DIP 1028---Make @safe the Default---Community Review Round 1
ag0aep6g
anonymous at example.com
Thu Jan 9 19:24:42 UTC 2020
On Thursday, 9 January 2020 at 18:47:23 UTC, Johannes Pfau wrote:
> @safe void someFunction()
> {
> int[4] data;
> // Lot's of code
> @trusted
> {
> data.ptr[3] = 42;
> }
> }
>
> Now someone changes data to int[2]:
>
> @safe void someFunction()
> {
> int[2] data;
> // Lot's of code
> @trusted
> {
> data.ptr[3] = 42;
> }
> }
>
> So by modifying @safe code only, you introduced a memory safety
> issue.

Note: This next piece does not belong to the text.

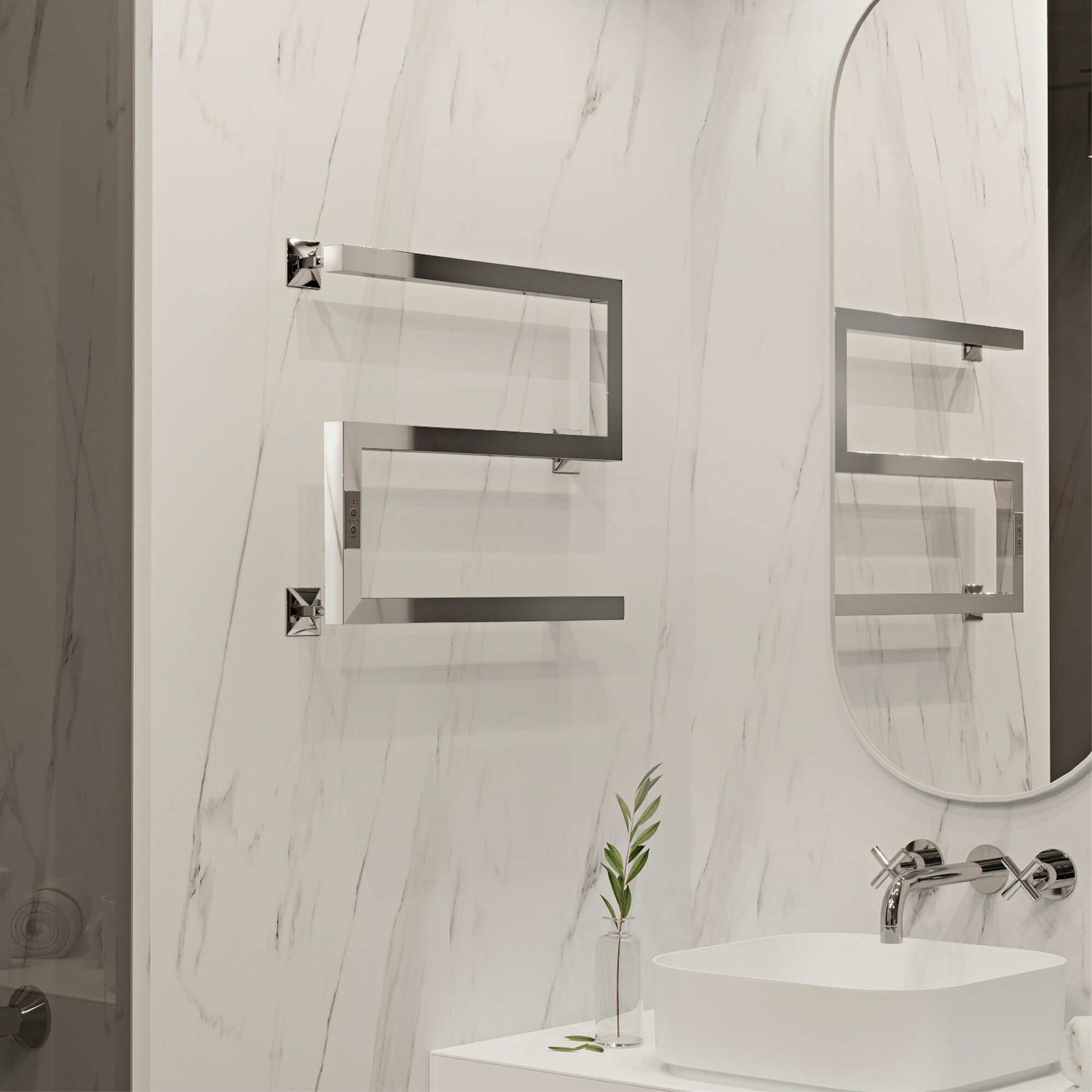 Полотенцесушитель дизайнерский электрический, профильный BAU Stella 8х80, 2 коллектора, 3 крючка (Белый DB-0071)

The interface of a @trusted function however is more
> strictly defined:
>
> @trusted function set(ref int[4] data)
> {
> data.ptr[3] = 42;
> }
Unfortunately, that kind of @trusted misuse is pretty common.
@system variables is a feature that can help in such cases.
There's a DIP in the making:
https://github.com/dlang/DIPs/pull/179
You could then write someFunction as:
@safe void someFunction()
{
@system int[4] data;
// Lot's of code
@trusted
{
data.ptr[3] = 42;
}
}
Now you're guaranteed that "lot's of code" can't touch `data`,
and you can rely on that in the @trusted section.